All these flags must be set.

-i <index_file>: is the name of the index previously built with the crac-index binary file. Note that crac-index construct the structure <index_file.ssa> with its configuration <index_file.conf> so only the prefix <index_file> must be specified (without extension) to consider the structure and the configuration files both in CRAC
-r <reads_file1> [reads_file2]: is the source(s) of the FASTA or FASTQ file(s) containing the reads. Note that the number of files depends if single or paired-reads. The input file may also be compressed using gzip
-k <int>: is the length of the k-mer to be used to map the reads on the reference <index_file>. Note that the condition (k < m) is necessary and reads (or both paired reads) are ignored if m < k. It must be chosen to ensure (as much as possible) that a k-mer has a very high probability to occur a single time on the genome
-o, --sam <output_file>: is the output file in SAM format (see the Documentation of SAM format in CRAC for more details) or print on STDOUT with "-o -" argument

Optional parameters

--stranded: must be specificied if reads are produced by a stranded protocol of RNA-Seq (not stranded by default)
--fr/--rf/--ff: set the mates alignement orientation (--rf by default)
-m, --reads-length, -m <int>: must be specified for reads of fixed length. If the read length is fixed, we deeply recommend you to specify the read length, by using the -m parameter.
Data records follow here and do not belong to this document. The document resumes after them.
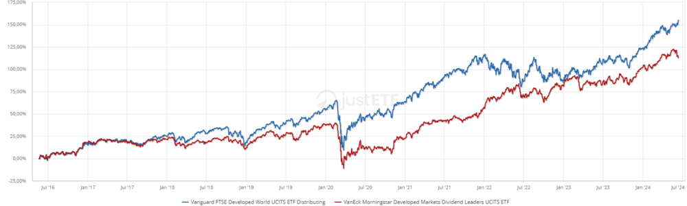 Behemoth Juni 14, 2024 · bearbeitet Juni 14, 2024 von Behemoth @Martin B: Vielen Dank für den sinnvollen Vergleich mit anderen Dividenden-ETF. Ein weiterer interessanter Dividenden-ETF ist für mich der Franklin Global Quality Dividend ETF, der derzeit aber auch schlechter als der VanEck abschneidet. @Schwachzocker: Ob die durchschnittliche Performance wirklich durch einen Welt-ETF abgebildet wird? Vergleiche mal den S&P 500 (+16%) mit dem S&P 500 Equal Weight (+1%) seit Jahresanfang. Es sind derzeit einzelne Growth-Aktien, die die Indizes nach oben ziehen. Entsprechen Equal Weight-Indizes nicht eher dem Durchschnitt? Es ist ja legitim, da mitzulaufen, und über ETF und Sparpläne alles Geld in Welt-ETF mit einer zunehmenden Konzentration dieser Growth-Aktien zu investieren. Hat seit 2008 hervorragend funktioniert. Aber der Hebel dieser Konzentration kann eben auch in die andere Richtung wirken. Der VanEck Morningstar Developed Markets Dividend Leaders ETF liegt bei +7,34% seit Jahresanfang, ohne dass er einen der Top10-Werte des Vanguard FTSE Developed World ETF enthält. Sind halt Äpfel und Birnen. Diesen Beitrag teilen Link zum Beitrag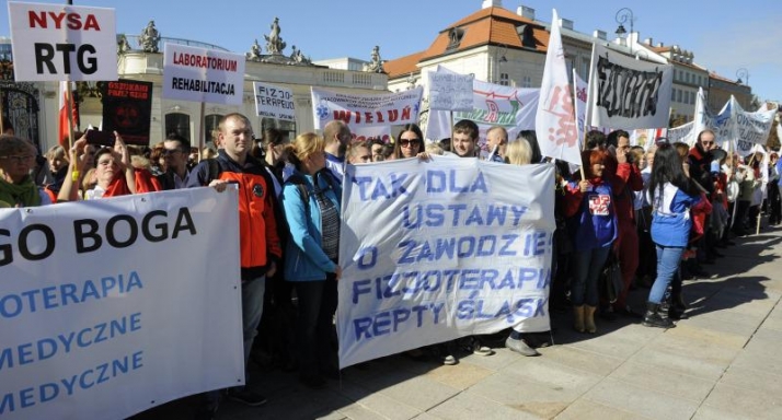 12 października br. znów było gorąco przed Ministerstwem Zdrowia. "Ministrze serce nie masz”, „Służba zdrowia – największy biznes wszechczasów”, „Recepta Zembali – upadłość szpitali”, „Żądamy dialogu społecznego”, „Jesteśmy razem” – z takimi hasłami ponad tysiąc związkowców z "Solidarności" ratowników medycznych i innych pracowników służby zdrowia z całej Polski domagało się równego traktowania, zerwania z plagą umów śmieciowych, zaprzestania dalszej komercjalizacji i prywatyzacji sektora oraz podwyżek płac dla wszystkich pracowników sektora ochrony zdrowia.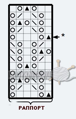 32п. Узором по схеме или резинкой 4х2 = 10 см.
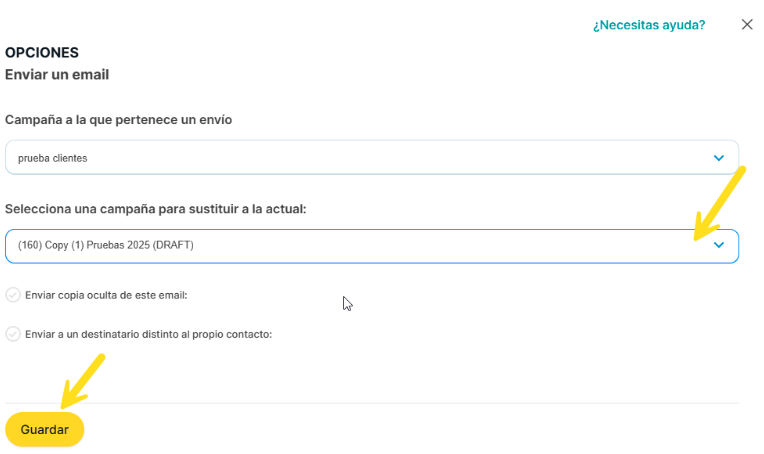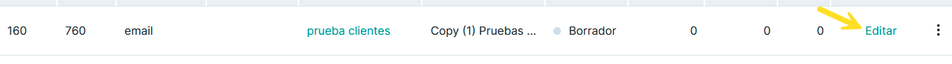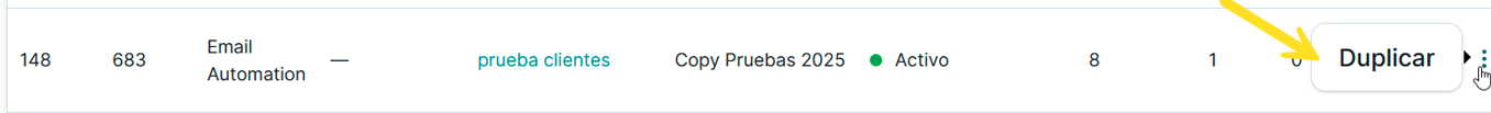- Duplica el envío que quieres reemplazar y que se encuentra en estado Activo, desde la sección Email/SMS Marketing.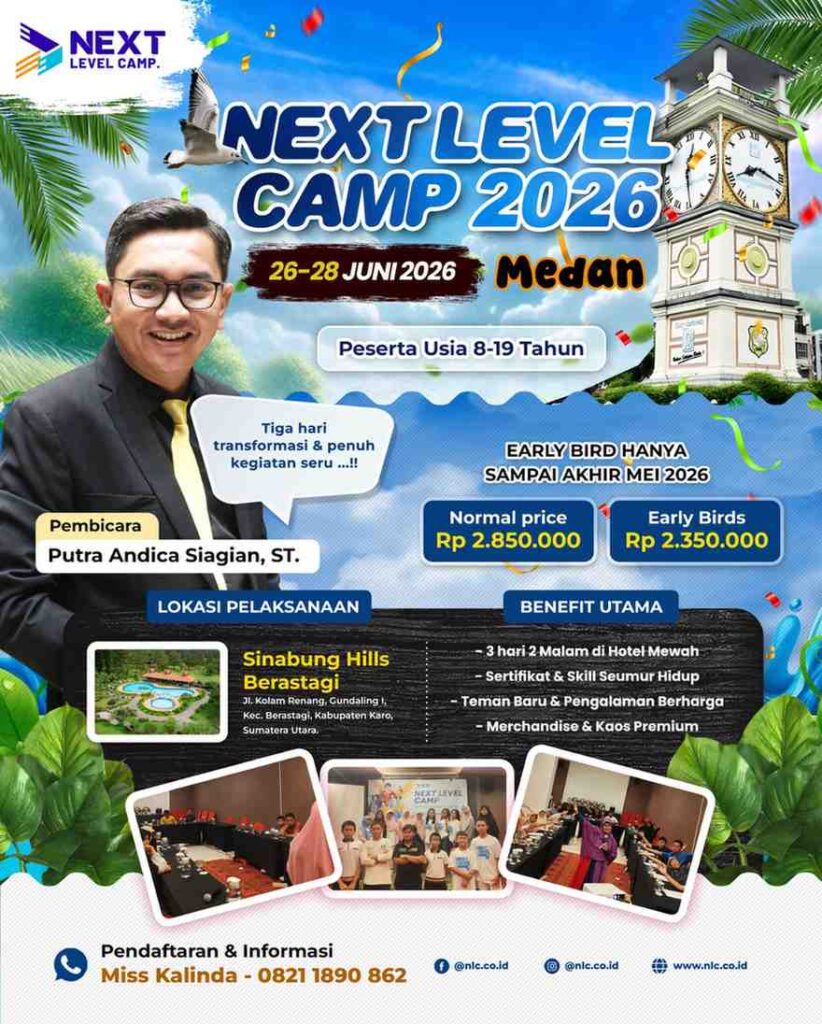 Liburan ini, jangan cuma rebahan. Di NLC Berastagi, kamu akan menemukan kekuatan baru dalam dirimu! Siap untuk jadi pribadi yang lebih tangguh, percaya diri, dan penuh semangat meraih masa depan!

CRAC will therefore be much faster. --reads-length <int> is specified for variable or longer reads, reads shorter are ignored and reads longer are trimmed
--treat-multiple <int>: display alignments with multiple locations (with a fixed limit) rather than a single alignment per read in the SAM file
--nb-threads <int>: is the number of threads to run crac, computational time is almost divided by the number of threads (one thread by default)
--max-locs <int>: corresponds to the max number of occurrences retrieved in the index for a given k-mer: smaller is faster, but with a small value, you may miss some locations that would help CRAC detecting the right cause
--no-ambiguity <none>: discard biological events (splice, svn, indel, chimera) which have several matches on the reference index. Indeed, if crac has identified a biological cause in the read that can match in differents places of the genome we classify this cause as a biological undetermined event.

Optional output arguments

--gz <none>: all output files specified after this argument are gzipped (included for the sam file if -o/--sam argument is specified after)
--bam <none>: sam output is encode in binary format(BAM)
--summary <output_file>: save some statistics about mapping and classification
--show-progressbar <none>: show a progress bar for the process times on STDERR
--use-x-in-cigar <none>: use X cigar operator when CRAC identifies a mismatch

Optional output homemade file formats

--all <base_filename>: set output base filename for all causes following. Note that only a base_filename must be specified. Then, the appropriate file extension is added for each cause (SNP, chimera, splice, etc) set output base filename for all causes following
--normal <output_file>: save reads that do not contain any break
--almost-normal <output_file>: save reads that do not contain any break but with a variable support
--single <output_file>: save reads which are located in this way: at least --min-percent-single-loc <float> of k-mers are once located on the reference index
--duplicate <output_file>: save reads which are located in this way: at least --min-percent-duplication-loc <float> of k-mers are a few times on the reference index (ie. between --min-duplication <int> and --max-duplication <int> of locations)
--multiple <output_file>: save reads which are located in this way: at least --min-percent-multiple-loc <float> of k-mers are a many times on the reference index (ie. more than --max-duplication <int> of locations)
--none <output_file>: save reads which are not located on the reference index
--snv <output_file>: save reads that contain at least a snv
--indel <output_file>: save reads that contain at least a biological indel
--splice <output_file>: save reads that contain at least a splicing junction
--weak-splice <output_file>: save reads that contain at least a low coverage splicing junction
--chimera <output_file>: save reads that contain at least a chimera junction (junction on different chromosomes, strands or genes)
--paired-end-chimera <output_file>: paired-end-chimera <output_file>= save paired-end reads that contains a chimera in the non-sequenced part of the original fragment.
--biological <output_file>: save reads that contain a biological cause but for which there is not enough informations to be more specific. Note that the biological cause is described for each read
--errors <output_file>: save reads that contain at least a sequence error
--repeat <output_file>: save reads that contain a repeated sequence: at least
--min-percent-repetition-loc <float> percent of k-mers of a given
read are located at least --min-repetition <int> occurrences on the
reference index
--undetermined <output_file>: save reads that contain an undetermined error: some k-mers are not located on the genome, but the reason for that could not be determined. Note that the error is described for each read
--nothing <output_file>: save reads that are unclassified

Optional process for specific research

--deep-snv: must be specified to increase sensitivity to find SNVs at the cost of more computations (only substitution, no indels YET). That process searches for SNV in border cases reads. Those reads would otherwise be classified in bioundetermined
--stringent-chimera: must be specified to increase accuracy to find chimera junctions in exchange of sensitivity and computational times

Optional process launcher (once must be selected)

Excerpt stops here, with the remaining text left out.